(TASK DIRECTIONS): Would you please copy all of the data exactly, skipping the images?

(DATASET CONTENT):
+ + +

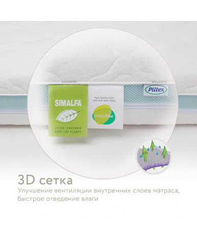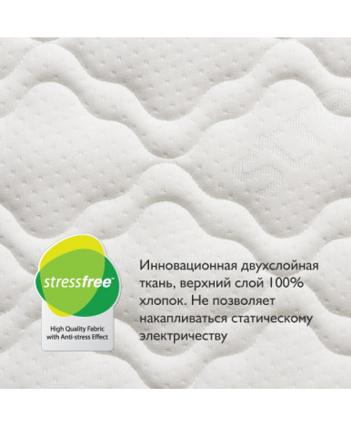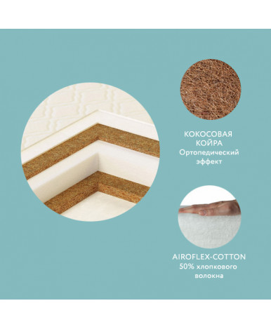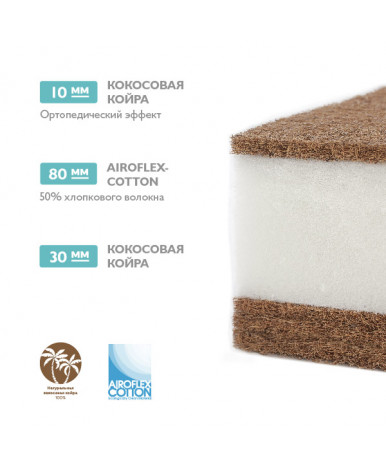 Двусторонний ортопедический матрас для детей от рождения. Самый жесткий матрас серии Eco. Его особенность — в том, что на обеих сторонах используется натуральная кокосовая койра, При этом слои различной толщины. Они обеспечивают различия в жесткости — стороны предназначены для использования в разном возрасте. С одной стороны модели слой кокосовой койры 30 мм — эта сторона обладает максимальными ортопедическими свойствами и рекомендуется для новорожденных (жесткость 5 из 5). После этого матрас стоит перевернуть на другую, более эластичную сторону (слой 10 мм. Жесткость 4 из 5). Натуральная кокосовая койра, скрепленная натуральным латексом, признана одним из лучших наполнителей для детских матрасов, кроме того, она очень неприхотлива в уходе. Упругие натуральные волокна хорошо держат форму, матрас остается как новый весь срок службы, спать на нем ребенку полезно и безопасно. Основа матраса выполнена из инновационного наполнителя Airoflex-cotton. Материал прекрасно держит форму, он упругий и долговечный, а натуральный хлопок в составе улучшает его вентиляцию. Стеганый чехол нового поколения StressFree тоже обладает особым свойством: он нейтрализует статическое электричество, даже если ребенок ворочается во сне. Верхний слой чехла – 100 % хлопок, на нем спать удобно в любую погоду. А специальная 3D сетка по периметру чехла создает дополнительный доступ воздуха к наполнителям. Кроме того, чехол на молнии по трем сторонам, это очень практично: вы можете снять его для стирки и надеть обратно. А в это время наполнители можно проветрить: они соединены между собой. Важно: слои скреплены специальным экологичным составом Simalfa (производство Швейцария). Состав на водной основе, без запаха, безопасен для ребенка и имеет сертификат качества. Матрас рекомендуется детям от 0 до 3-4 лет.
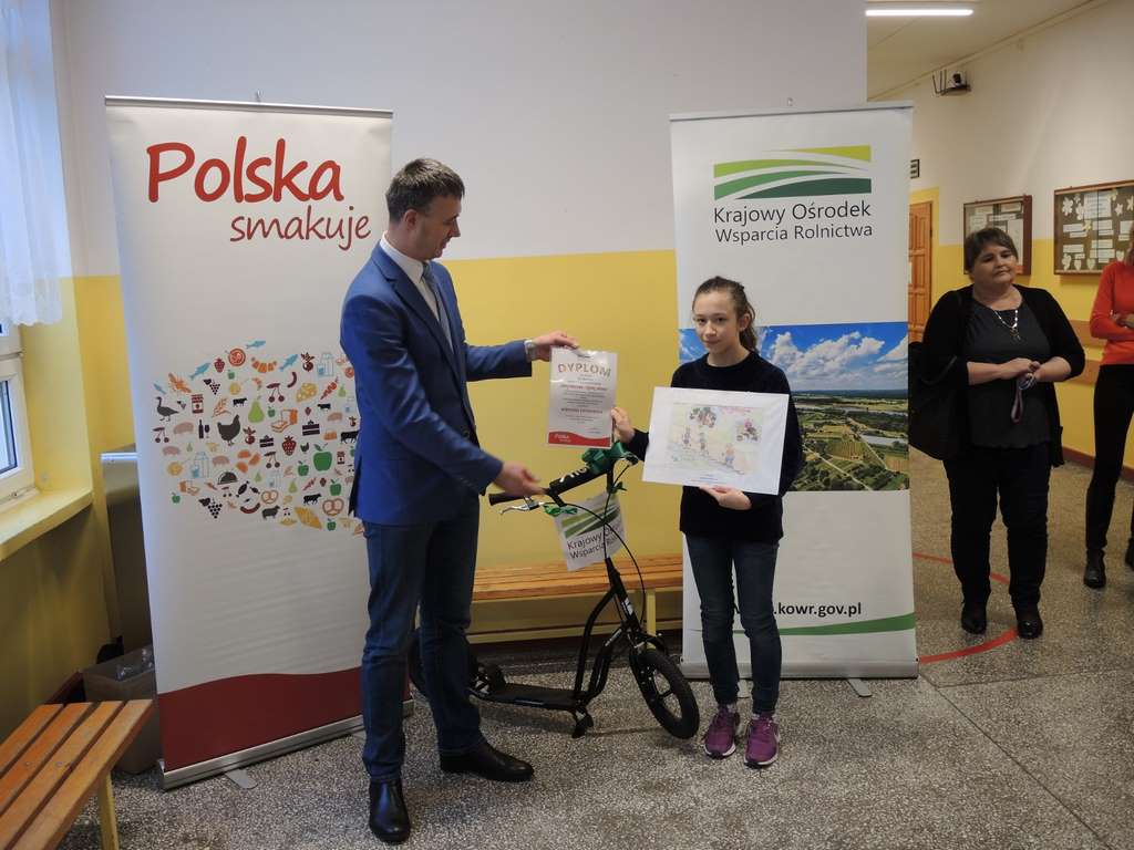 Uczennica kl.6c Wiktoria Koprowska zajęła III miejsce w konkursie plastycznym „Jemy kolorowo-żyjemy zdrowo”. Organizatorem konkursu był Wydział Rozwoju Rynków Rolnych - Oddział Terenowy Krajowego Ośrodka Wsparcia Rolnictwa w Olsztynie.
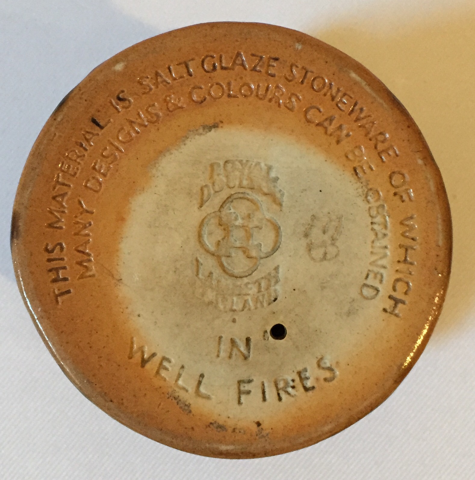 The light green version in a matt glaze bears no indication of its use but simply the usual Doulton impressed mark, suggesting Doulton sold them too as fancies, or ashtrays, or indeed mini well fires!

+ + +

(TASK RESPONSE):
 Двусторонний ортопедический матрас для детей от рождения. Самый жесткий матрас серии Eco. Его особенность — в том, что на обеих сторонах используется натуральная кокосовая койра, При этом слои различной толщины. Они обеспечивают различия в жесткости — стороны предназначены для использования в разном возрасте. С одной стороны модели слой кокосовой койры 30 мм — эта сторона обладает максимальными ортопедическими свойствами и рекомендуется для новорожденных (жесткость 5 из 5). После этого матрас стоит перевернуть на другую, более эластичную сторону (слой 10 мм. Жесткость 4 из 5). Натуральная кокосовая койра, скрепленная натуральным латексом, признана одним из лучших наполнителей для детских матрасов, кроме того, она очень неприхотлива в уходе. Упругие натуральные волокна хорошо держат форму, матрас остается как новый весь срок службы, спать на нем ребенку полезно и безопасно. Основа матраса выполнена из инновационного наполнителя Airoflex-cotton. Материал прекрасно держит форму, он упругий и долговечный, а натуральный хлопок в составе улучшает его вентиляцию. Стеганый чехол нового поколения StressFree тоже обладает особым свойством: он нейтрализует статическое электричество, даже если ребенок ворочается во сне. Верхний слой чехла – 100 % хлопок, на нем спать удобно в любую погоду. А специальная 3D сетка по периметру чехла создает дополнительный доступ воздуха к наполнителям. Кроме того, чехол на молнии по трем сторонам, это очень практично: вы можете снять его для стирки и надеть обратно. А в это время наполнители можно проветрить: они соединены между собой. Важно: слои скреплены специальным экологичным составом Simalfa (производство Швейцария). Состав на водной основе, без запаха, безопасен для ребенка и имеет сертификат качества. Матрас рекомендуется детям от 0 до 3-4 лет.
 Uczennica kl.6c Wiktoria Koprowska zajęła III miejsce w konkursie plastycznym „Jemy kolorowo-żyjemy zdrowo”. Organizatorem konkursu był Wydział Rozwoju Rynków Rolnych - Oddział Terenowy Krajowego Ośrodka Wsparcia Rolnictwa w Olsztynie.
 The light green version in a matt glaze bears no indication of its use but simply the usual Doulton impressed mark, suggesting Doulton sold them too as fancies, or ashtrays, or indeed mini well fires!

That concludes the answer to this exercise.